Nelson rappers TV Legends, which includes vocalist-producer Taylor Pritchard (left), vocalist Charlie Garton (centre) and director-manager Akailah Yocom, recorded a song and made a video about the COVID-19 pandemic just before they had to start physical distancing. Photo submitted

VIDEO: Nelson rappers release song ‘COVID-19’

TV Legends includes Taylor Pritchard, Charlie Garton and Akailah Yocom

Akailah Yocom thought he was only making a joke.

He’d been working with Charlie Garton and Taylor Pritchard on rap tracks when, as he stepped away for dinner, he suggested a song about COVID-19.

“I wasn’t expecting to come back and have a finished song, essentially,” he says.

One day later Nelson’s TV Legends, which features vocalist Garton and vocalist-producer Pritchard, had shot and finished a video for the song “COVID-19” directed by Yocom.

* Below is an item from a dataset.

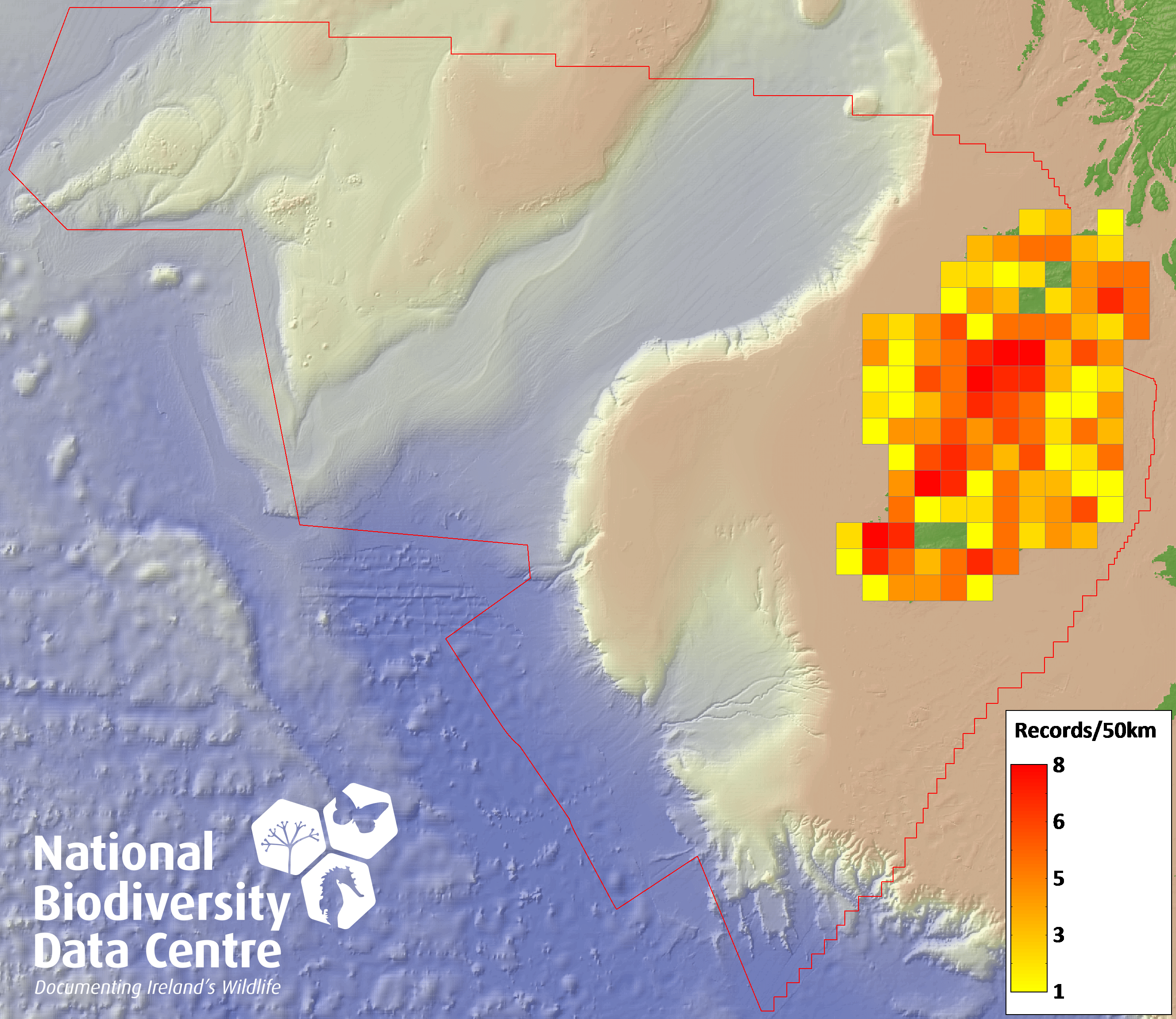 Distribution of the number of records recorded within each 10km grid square (ITM).Marine Map - 50km

The song took the pair just two hours to write. When Yocom returned, Garton and Pritchard were ready with a finished track and eager to shoot a video. “He was so blown away,” said Garton. “He said, ‘You actually made a song out of this joke?’”

Warning: explicit lyrics

The novel coronavirus is quickly becoming a source of inspiration for artists around B.C.

In Hope, an artist used repurposed materials for a menacing statue named after the virus. In Smithers, a singer-songwriter released a video for a track called “Flatten The Curve” featuring people around the world dancing in their homes. And a singer from Abbotsford has received love on YouTube for her song “Frontline.”

For their own track, TV Legends wanted to have some fun.

The video, which features Garton and Pritchard wearing masks as they rap, was mostly shot at Kootenay Forest Products’ abandoned Peco deck in Nelson and matches the song’s dystopian material as Garton raps the chorus “So sick, corona caught the virus, global epidemic you can’t see with your iris.”

But it also has humour as well. The trio made a quick visit to the local Safeway where Yocom filmed Garton and Pritchard pretending to steal toilet paper while a mother and son look on in the background.

“The timing of when we shot it was right before the whole thing really blew up,” says Yocom. “So it was right on the edge of getting weird looks but it was still kind of laughable to most people.”

In February, Pritchard invited Garton over to see if they could make a song. Their creativity clicked — four 12-hour sessions later they had 15 songs.

“We stayed up so late it was crazy,” says Pritchard. “But we slapped out so many tracks and we have more than an album sitting there that we need to play with.”

The pair answered Yocom’s not-so-serious challenge on March 22 and by April 1 had a music video on YouTube for “COVID-19.”

Garton said response to the video has been positive. Listeners, he says, appreciate the fledgling hip-hop group poking a little fun at a serious situation.

“For the most part everyone was just so stoked there was a little bit of humour being brought to the situation in the middle of it when everyone is sitting at home and has not much to do besides laugh.

“We’re all stressed and we’re all caught in the same situation. There’s really only one common way that all humans know how to deal with stress.”